The judiciary has a powerful and lasting impact on the issues that the religious community cares about, including but not limited to the preservation of civil liberties and civil rights, protection of the environment, freedom of choice and speech, and freedom from imposed religion. Judges and justices granted lifetime appointments to the Federal Bench have the ability to either safeguard or erode these rights over the many years they serve.

It is far past time for the religious community to join the many progressive organizations that are fighting for a fair and independent judiciary. Sitting out vital debates about judicial nominees jeopardizes the crucial gains we have made and will make in the legislative arena. We need to ensure the appointment of judges who will uphold an expansive interpretation of the law as it applies to our fundamental rights and the separation of church and state.

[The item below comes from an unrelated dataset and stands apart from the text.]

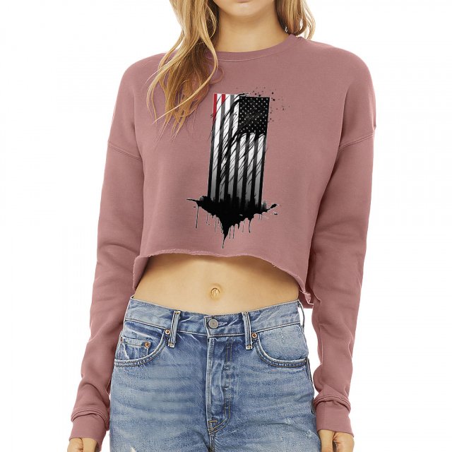 USA Flag Design Cropped Sweatshirt – Cityscape Women’s Sweatshirt – Patriotic Crop Crew Sweatshirt

For this reason, the Reform Jewish Movement decided in 2002 to "oppose a nominee if after consideration of what the nominee has said and written, and his or her record, it believes that a compelling case can be made that the appointment would threaten protection of the most fundamental rights which our Movement supports." This past winter, the Reform Movement added that it would actively support qualified nominees who are attacked or criticized based on "their records or stated views related to the protection of the fundamental rights that our Movement supports" and/or "based on aspects of their personal identities that are irrelevant to their ability to fulfill the responsibilities of the positions to which they are nominated."

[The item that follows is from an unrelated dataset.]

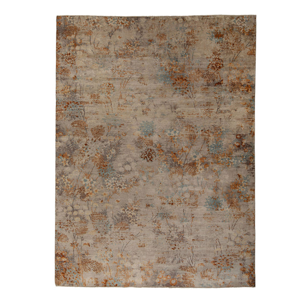 This Multicolored Samoke Transitional Wool Silk Rug - 9' x 12'1" is a smoldering blend of neutral greys, sandstone orange, soft blue, and red hues within an abstract floral design, a reinvention of traditional motifs rendered contemporary through a unique distressed effect. The muted motif adds a timeless sophistication to any room with a soft, shifting sheen that catches the light as you view it from different angles thanks to its silk construction while remaining durable enough for daily use...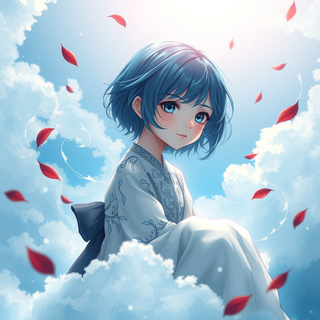 A young girl with short azure hair and striking sapphire eyes sits gracefully on a cloud beneath a luminescent sky, depicted in an anime style with hyper-detail. Her expression is serene yet haunting, her presence ethereal as wisps of cloud wind around her like tendrils. The light effect casts a gentle glow over her, illuminating the intricate and elegant patterns of her attire, which hint at a mysterious past. The scene is a delicate blend of artistry and emotion, with delicate blood-red petals floating in the air, adding a beautiful yet poignant contrast to the overall serenity. Crafted with digital precision, the illustration carries the smooth and sharp focus characteristic of Artgerm, Greg Rutkowski, and Alphonse Mucha, creating a captivating vision of grace and intrigue.

The recent clear shift of the courts to the right has only intensified the need for religious communities to engage with the Judicial Branch. President George W. Bush has appointed more than 30 percent of the judiciary, packing the courts with young, extremely conservative judges who will have an impact on national jurisprudence for years to come. The appointments of Chief Justice John Roberts and Justice Samuel Alito have already resulted in Supreme Court decisions to that are more predictably against the fundamental values that much of the Jewish community supports. For years, particularly during the Warren and Burger Era (1953-1986), the Supreme Court decided numerous landmark cases defending -- and sometimes expanding -- our fundamental liberties. In contrast, the Roberts Court has dealt serious blows to the rights of individuals and the separation of church and state, including the rights to demand remuneration for pay discrimination, to challenge Executive Branch spending, and to choose how to abort a pregnancy.

And we must not be concerned only with the Supreme Court. While the Supreme Court has significantly reduced the number of cases that it considers each year, Federal Court caseloads have burgeoned. As a result, we are witnessing an increased influence of each of the 13 Federal Circuit Courts. Therefore, our responsibility to scrutinize and speak out on appointments to these Courts of Appeals weighs more heavily on our shoulders.

The recent change in Administration makes us optimistic that the rightward shift of the courts will end -- but this optimism cannot be an excuse for complacency. The Union for Reform Judaism recently resumed dissemination of Rights in Peril: Why the American Jewish Community and Others Cannot Afford to Sit Out the Debate Over Judicial Nominations, a call to action for the Jewish and national religious communities to join us in creating formal processes for considering whether to oppose and support judicial nominees. We hope the Reform Jewish Movement's policies and practices will serve as a model for organizations that choose to include active engagement with the Judicial Branch as a key component of their ongoing fights for justice. The religious community cannot be complacent. Too much is at stake.

Rabbi David Saperstein is director and counsel of the Religious Action Center of Reform Judaism and a national expert in church/state issues.